An analysis of records of pancreatic surgery during the last 35 years at Johns Hopkins University in Baltimore by pancreatic cancer surgeon// Charles J. Yeo, M.D., Samuel D. Gross Professor and chair of surgery at Jefferson Medical College of Thomas Jefferson University and Thomas Jefferson University Hospital in Philadelphia and Jefferson’s Kimmel Cancer Center, and his colleagues have revealed that contrary to what many both in and out of medicine may believe, major pancreatic cancer surgery can successfully be performed on patients in their 80s, 90s and even older.

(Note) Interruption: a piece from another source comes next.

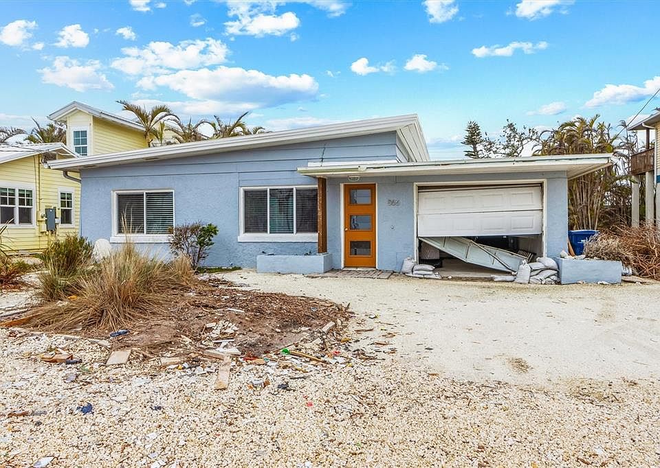 This quaint and charming 3 bedroom, 2 bathroom home is located on the north end of Anna Maria Island and has views of the intercostal.  Damaged by the hurricanes, the home is currently gutted and being sold as-is.  Put back together with your own style and finishes.  Has a cute front Florida room to sit and relax and take in views.  As you enter this mid-century charmer you will see beautiful vaulted wood beam ceilings throughout the whole main living space. The expansive living room opens up to a large dining room. The split floor plan design encompasses three spacious bedrooms with plenty of room for the whole family and two luxurious bathrooms. Complete with plenty of outdoor space, and a large open pergola for entertainment. The pool and spa is a great addition for chill days by the pool and soaking in the sun. This home truly feels like a tropical oasis.  Come see for yourself if the island life is for you, at this beautiful Anna Maria Island getaway.

In the study, reported recently in the Journal of Gastrointestinal Surgery, Dr. Yeo and co-workers examined records of nearly 2,700 cases of the standard Whipple operation for pancreatic disease, including cancer. Of these, about 1,000 operations were performed in the last four years. The Whipple procedure entails the surgical removal of the head of the pancreas, the duodenum (part of the small intestine), part of the common bile duct, the gallbladder and sometimes a portion of the stomach.

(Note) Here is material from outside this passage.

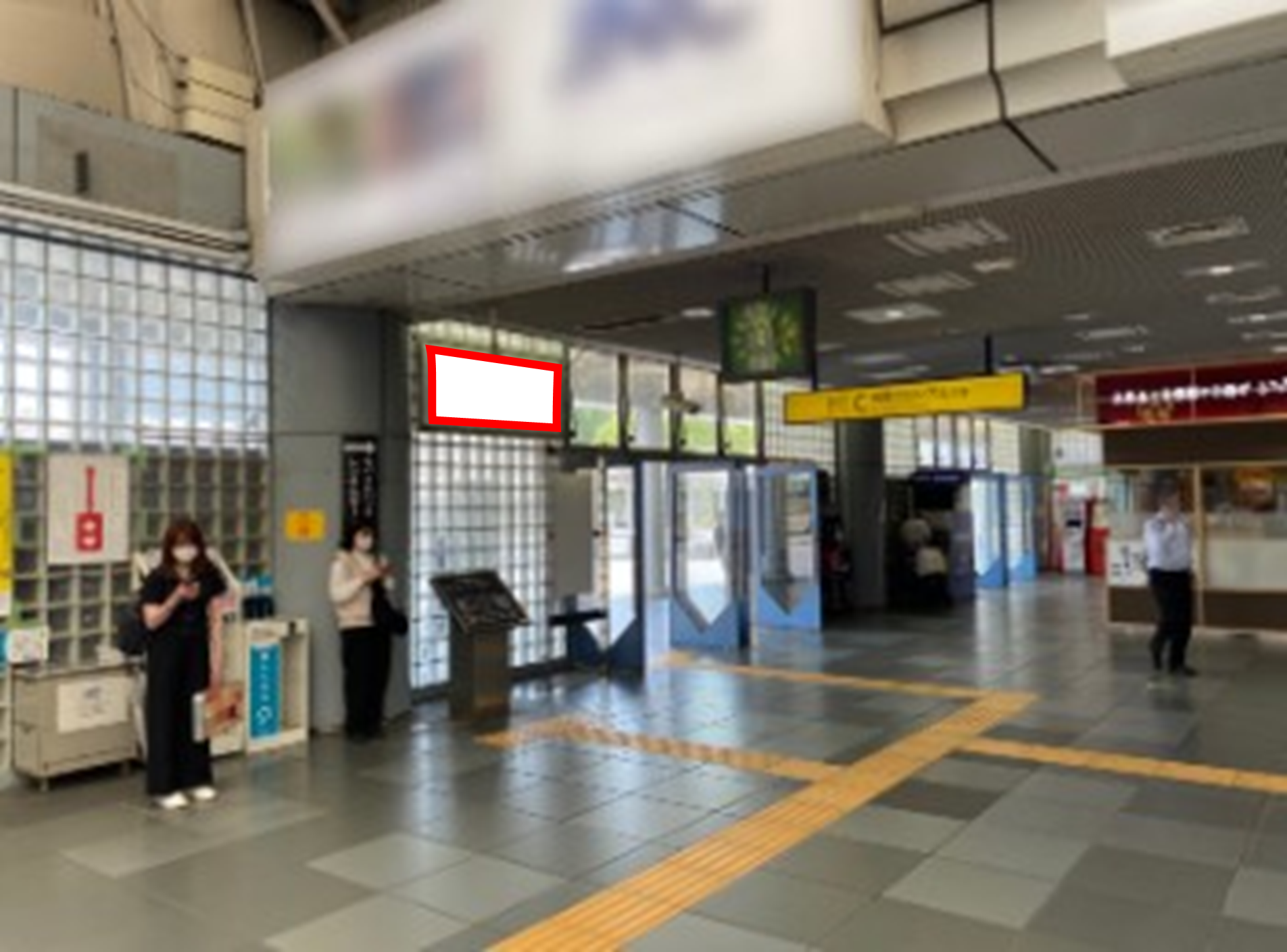■改札横の券売機前の壁面にあり多くの方にご覧いただける視認性の高い看板です。

Of this group, 207 patients were 80 years old or older. Those who were 80 to 89 years of age had a mortality rate of 4.1 percent (8 of 197), and a complication rate of 52.8 percent. Those younger than 80 years old had a mortality rate of 1.7 percent, with a complication rate of 41.6 percent. Of 10 patients 90 or older, the researchers reported no deaths after surgery, though half had complications. Of those 80 to 89 years old, 59.1 percent lived for at least one year, while 60 percent of patients 90 years and older lived that long after surgery.
Such complication rates for individuals at least 80 years old are what would be expected, Dr. Yeo says, and involve conditions that afflict many that age, such as heart disease, diabetes and high blood pressure. “The general aging population isn’t dying from pancreas disease,” he notes. “They are dying from other causes.”